The hospice benefit was created in 1982 to offer terminally ill patients an alternative to conventional care, but "there was also a strong expectation that hospice services would result in lower costs to the Medicare program than conventional medical interventions at the end of life," according to the Medicare Payment Advisory Commission (MedPAC), which advises Congress.1 Hospice services, whose palliative nature contrasts with the medically intense acute care generally provided by Medicare, address patients' changing preferences regarding end-of-life care — while challenging the professional impulse of some physicians to deploy all appropriate means for prolonging life.

Although most legislators support the provision of hospice services, Congress has not exercised much oversight of the benefit in recent years.

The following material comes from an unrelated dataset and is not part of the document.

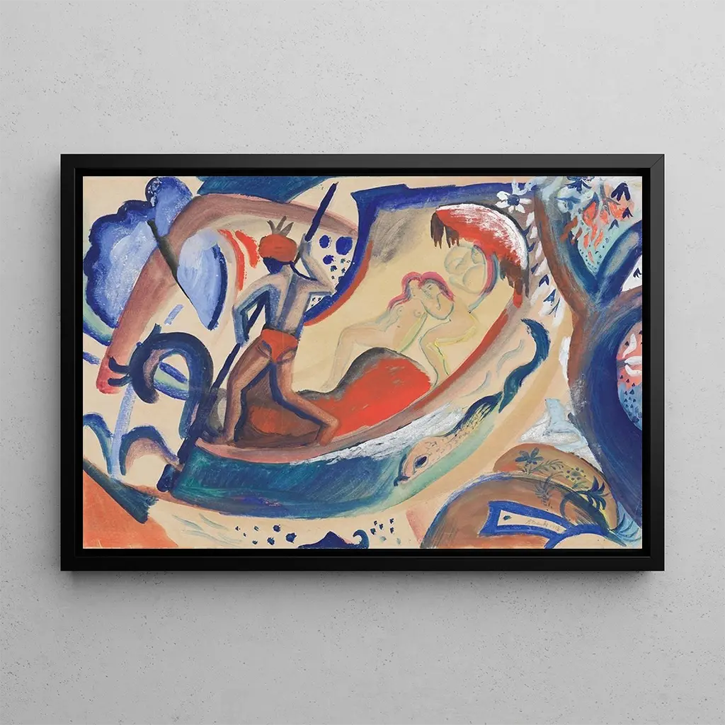 Jeunes filles nues dans la barque : une célébration de la jeunesse et de la liberté Cette kunstdruk d'August Macke, "Jeunes filles nues dans la barque", évoque une scène estivale empreinte de légèreté et de joie. Les figures féminines, délicatement représentées, flottent sur l'eau d'un lac paisible, entourées de couleurs vives et de formes organiques. Macke, avec sa palette audacieuse et ses coups de pinceau expressifs, capture l'insouciance de la jeunesse et la beauté de la nature. L'atmosphère de cette œuvre est à la fois rêveuse et vivante, invitant le spectateur à ressentir la fraîcheur de l'air et la douceur des rayons du soleil. August Macke : un pionnier du fauvisme et de l'expressionnisme August Macke, schilder uit Duitsland van het begin van de 20e eeuw, is een van de iconische figuren van de expressionistische beweging. Zijn stijl, gekenmerkt door heldere kleuren en gedurfde composities, weerspiegelt een zoektocht naar artistieke vrijheid en een gevoeligheid voor de schoonheid van de wereld. Macke werd beïnvloed door zijn reizen en ontmoetingen met andere kunstenaars, vooral die van de groep Blaue Reiter. Zijn carrière, hoewel tragisch onderbroken door de Eerste Wereldoorlog, heeft een blijvende erfenis achtergelaten in de kunstwereld, en markeert een periode van transformatie en experimentatie. Een decoratief kunstdruk met vele voordelen De kunstdruk van "Jeunes filles nues dans la barque" is een perfecte aanvulling voor elke interieurdecoratie. Of u nu een woonkamer wilt opvrolijken, een artistiek accent wilt toevoegen aan een kantoor of een rustige sfeer in een slaapkamer wilt creëren, dit doek zal zeker aanspreken. De afdrukkwaliteit garandeert een verbluffende fideliteit aan de levendige nuances van het originele werk, terwijl het een boeiende esthetiek biedt. Door te kiezen voor deze kunstdruk, brengt u de geest van vrijheid en levensvreugde van August Macke in uw ruimte, waardoor uw interieur wordt omgevormd tot een plek van inspiratie en schoonheid.

The Office of Inspector General in the Department of Health and Human Services (DHHS) has produced a number of studies of the hospice benefit and has three more on its agenda, including one that will review physician billing. MedPAC, for its part, has recommended substantial changes designed to improve the accuracy of Medicare payments to hospices, increase hospice organizations' accountability, and ensure greater involvement by physicians in end-of-life care.1 A recent study showed that physicians often end all contact with patients once they refer them for hospice care.2

The hospice benefit is available to Medicare beneficiaries who, according to two physicians (one of whom is the hospice medical director), have a life expectancy of 6 months or less if their disease runs its normal course and who agree to forgo Medicare coverage for curative treatment of their terminal illness. The benefit provides an array of medical and support services, some of which are not covered by traditional Medicare, including social-work services, bereavement counseling for family members, and pastoral services. Beneficiaries' cost sharing is minimal.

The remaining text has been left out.